Lizzie is a 1957 American film noir drama film directed by Hugo Haas. The film is based on the 1954 novel The Bird's Nest by Shirley Jackson and stars Eleanor Parker, Richard Boone and Joan Blondell. The popular songs "It's Not for Me to Say" and "Warm and Tender" were written for this film, and performed by Johnny Mathis, who played a piano player/singer in the film. The film was produced by MGM Studios.

==Plot==
Elizabeth (Eleanor Parker) has recurring headaches and is plagued with insomnia. She is receiving letters from a woman called Lizzie, but Elizabeth can't remember knowing anyone named Lizzie. When Elizabeth is under hypnosis, her psychiatrist, Dr. Wright (Richard Boone), discovers Elizabeth has three personalities: The shy Elizabeth, the Mr. Hyde-like Lizzie, and the kind, well-adjusted Beth, the woman she always should have been. It is up to Dr. Wright to help Elizabeth to become Beth completely. In the end, the events of young Elizabeth's birthday are revealed: Her mother—an abusive alcoholic—came late to the child's birthday with her drunken boyfriend in tow. Elizabeth lost her temper with her, and she collapsed and died. Elizabeth blames herself for her mother's death. Elizabeth's Aunt Morgan, who has shown little sympathy for her niece's suffering, knew about this. Then Elizabeth retrieves another memory of that day: Her mother's boyfriend raped her. (This is shown through a prolonged sequence in which he slowly pursues her up the stairs and into her bedroom, concluding with a closeup of the girl's face.) She never told anyone. Aunt Morgan is angry, shocked, and genuinely sorry.

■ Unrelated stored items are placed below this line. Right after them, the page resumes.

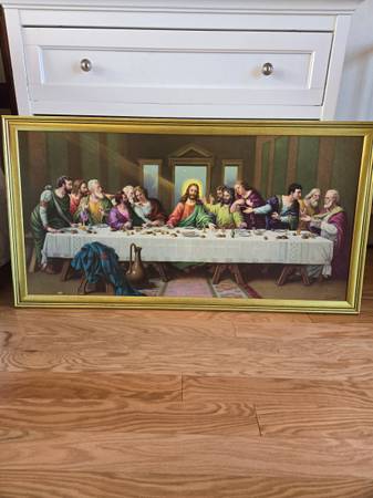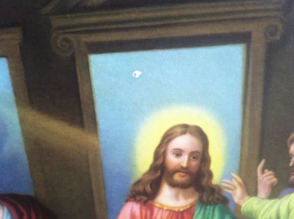 Has a small imperfection above the head of Jesus, please see pic. It is not an old picture, but it has a vintage vibe to it and is awesome for a gallery wall or dining room.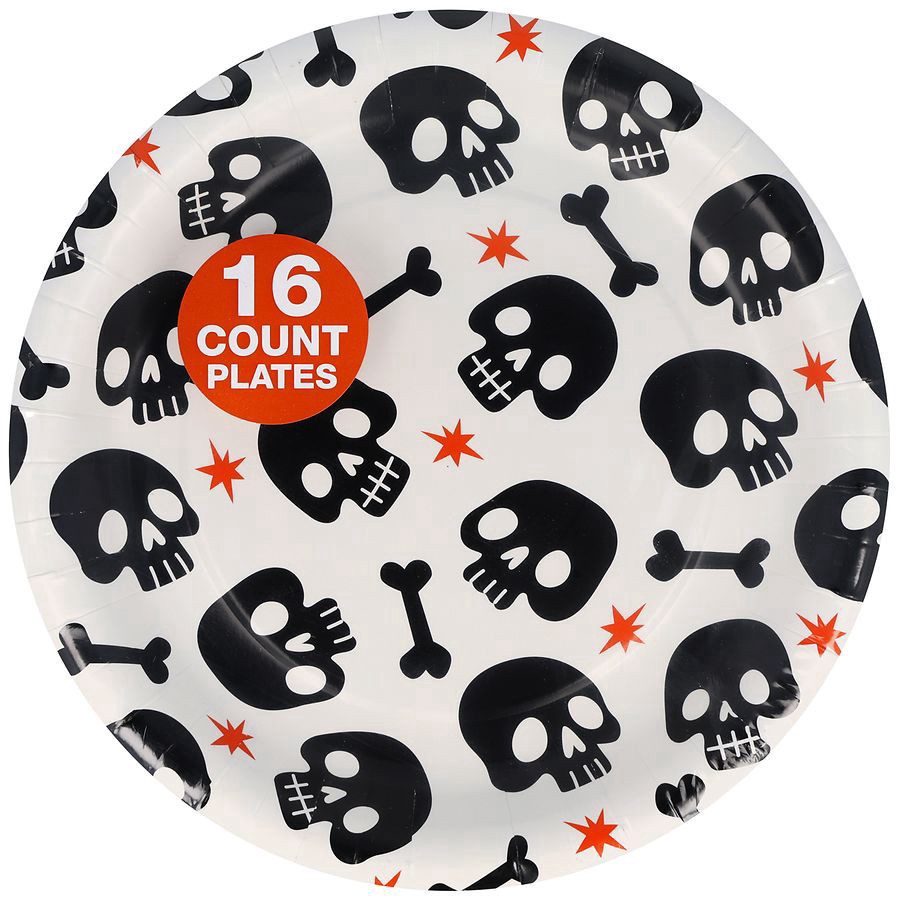 slide 2 of 5, Happy Halloween Plates Skeleton Small, 16 ct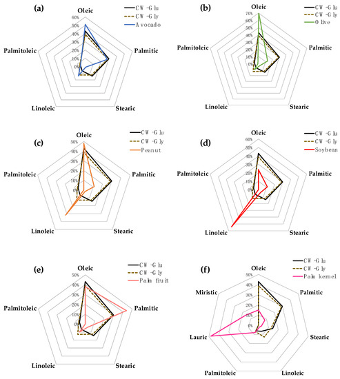 Regarding the composition of fatty acids (% w/w), comparisons were made between CW cultivated with glucose (CW-Glu) for 72 h or glycerol (CW-Gly) for 48 h and different vegetable oils extracted from avocado fruit (a), olives (b), peanuts (c), soybeans (d), palm fruit (e), and palm kernels (f).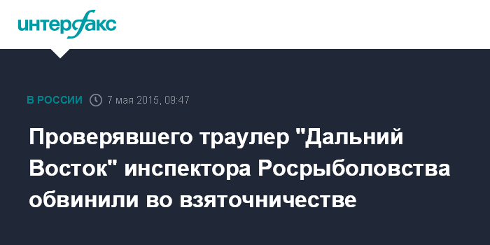 Проверявшего траулер "Дальний Восток" инспектора Росрыболовства обвинили во взяточничестве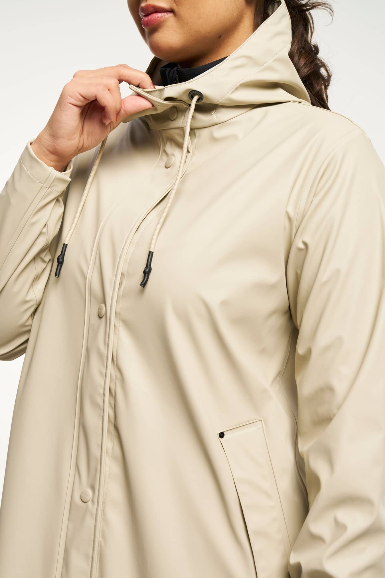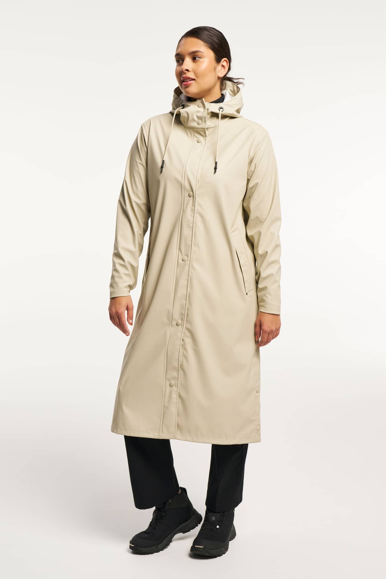 Apelviken Maxi Coat är en lång trendig regnjacka för kvinnor med A-linjeformad silhuett i klassisk stil. Den är gjord av 100% polyuretan med mjuk trikå på insidan, svetsade sömmar och en vattenpelare på 5 000 mm som håller dig torr i de kraftigaste regnskurarna. Regnjackan har justerbara ärmslut och förböjda ärmar för bästa möjliga passform. Med en fast huva och ventilation under armarna.
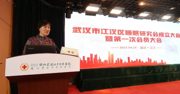 协和武汉红十字会医院党委书记杨俊致开幕式欢迎词,江汉区睡眠研究会是面向江汉区睡眠医学及相关专业的区级社会团体,前期,医院在区委区政府的支持下,打造了华中地区最大睡眠医学中心,如今建立江汉区睡眠研究会条件成熟,它将帮助区域临床医务人员了解最新的睡眠医学知识,对睡眠障碍人群进行系统诊疗,解决广大群众睡眠问题。她代表协和武汉红十字会医院预祝本次大会圆满成功!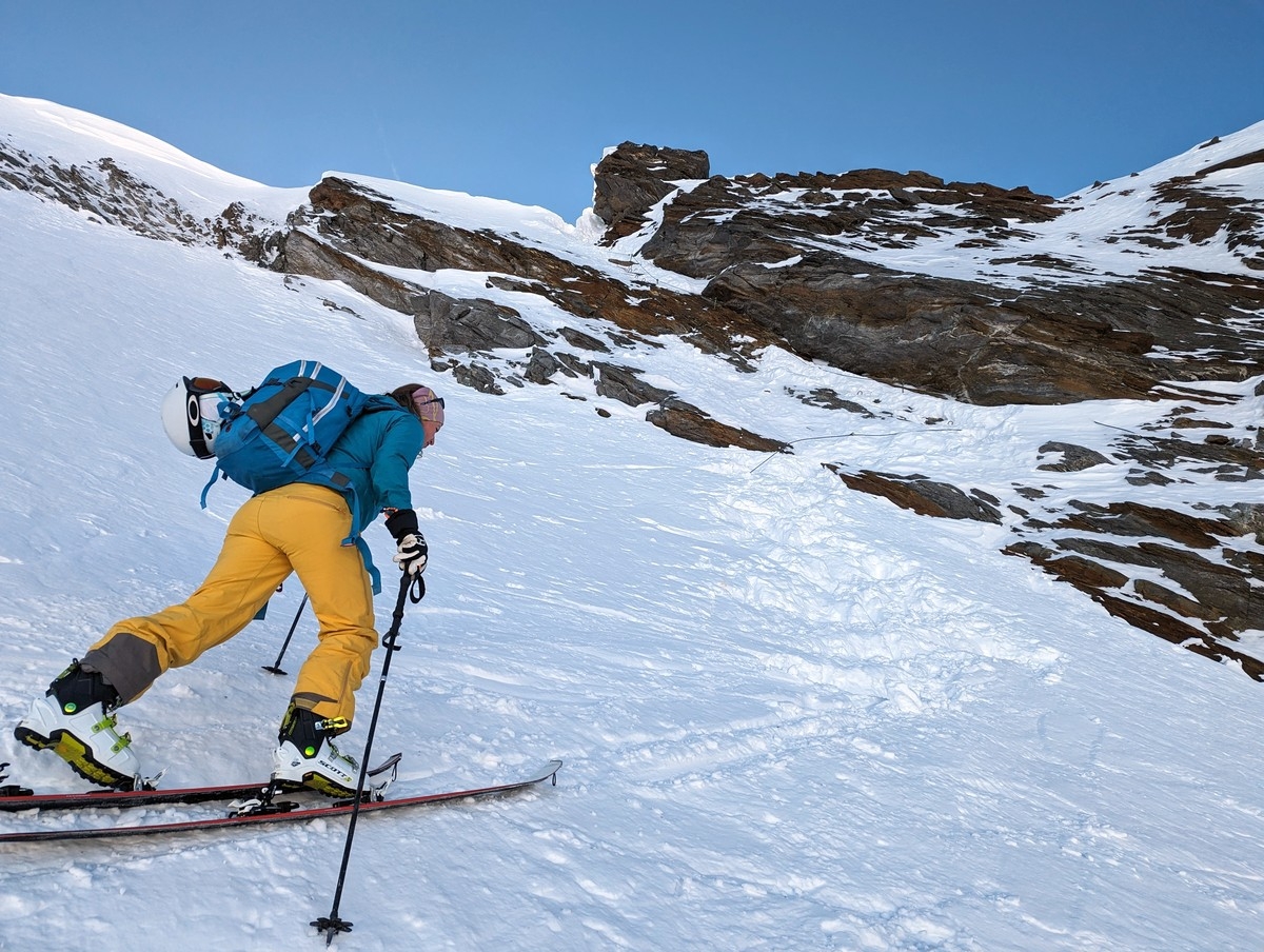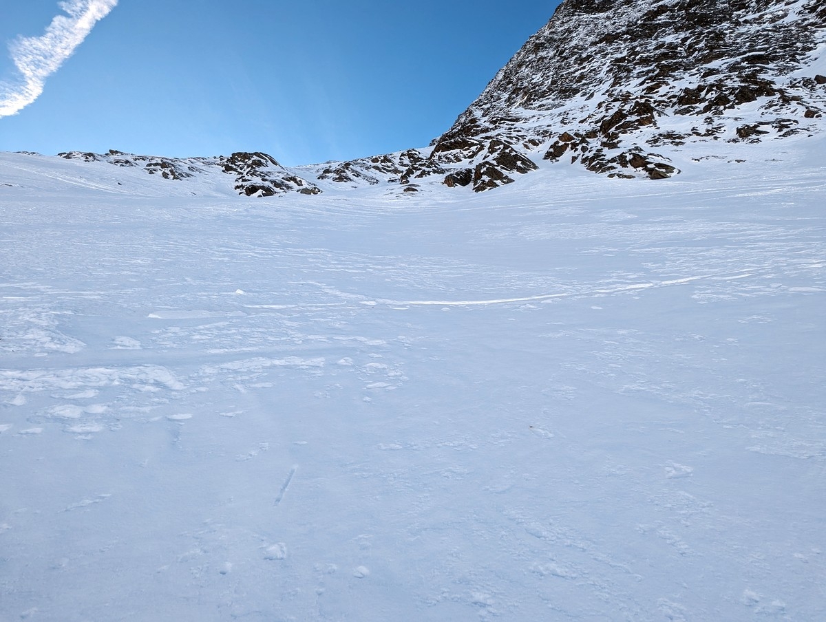 In der Abfahrt ist die Steilrinne direkt nach dem Gipfel die Schlüsselstelle. Der restliche Abschnitt ist flach und angenehm zu fahren.

In the present, alone in her bedroom, a three-way mirror is the stage on which Beth fights and wins the battle for dominance. Dr. Wright promises that he will continue to help her learn to live.

==Cast==
- Eleanor Parker as Elizabeth Richmondt
- Richard Boone as Dr. Neal Wright
- Joan Blondell as Aunt Morgan
- Hugo Haas as Walter Brenner
- Ric Roman as Johnny Valenzo
- Dorothy Arnold as Elizabeth's mother
- Marion Ross as Ruth Seaton
- Johnny Mathis as Piano Singer

==Production==
The film was produced by Bryna Productions, which was Kirk Douglas' company.

Johnny Mathis made his film debut in Lizzie. "It's Not for Me to Say" became one of his big hits during his career. Both this song and "Warm and Tender", which appear in the film, were subsequently included in Mathis' fifth album, Johnny's Greatest Hits.

TCM.com reports that Lizzie's producers sued Fox to postpone the release of the film The Three Faces of Eve, starring Joanne Woodward, because of the similarity of their plots. Fox did delay until early in 1957 after the publication of the biography on which The Three Faces of Eve was based.

==Reception==
According to MGM records, the film earned $280,000 in the U.S. and Canada and $275,000 in other markets, resulting in a loss of $154,000.

Shirley Jackson, the author of the novel on which Lizzie was based, was reportedly unimpressed with the screenplay, writing "I have read the screen play and it sounds a little like Ma and Pa Kettle, or Abbott and Costello meet a multiple personality." but when she saw the movie, she "thought it was extremely good, and enormously improved over the first script I saw."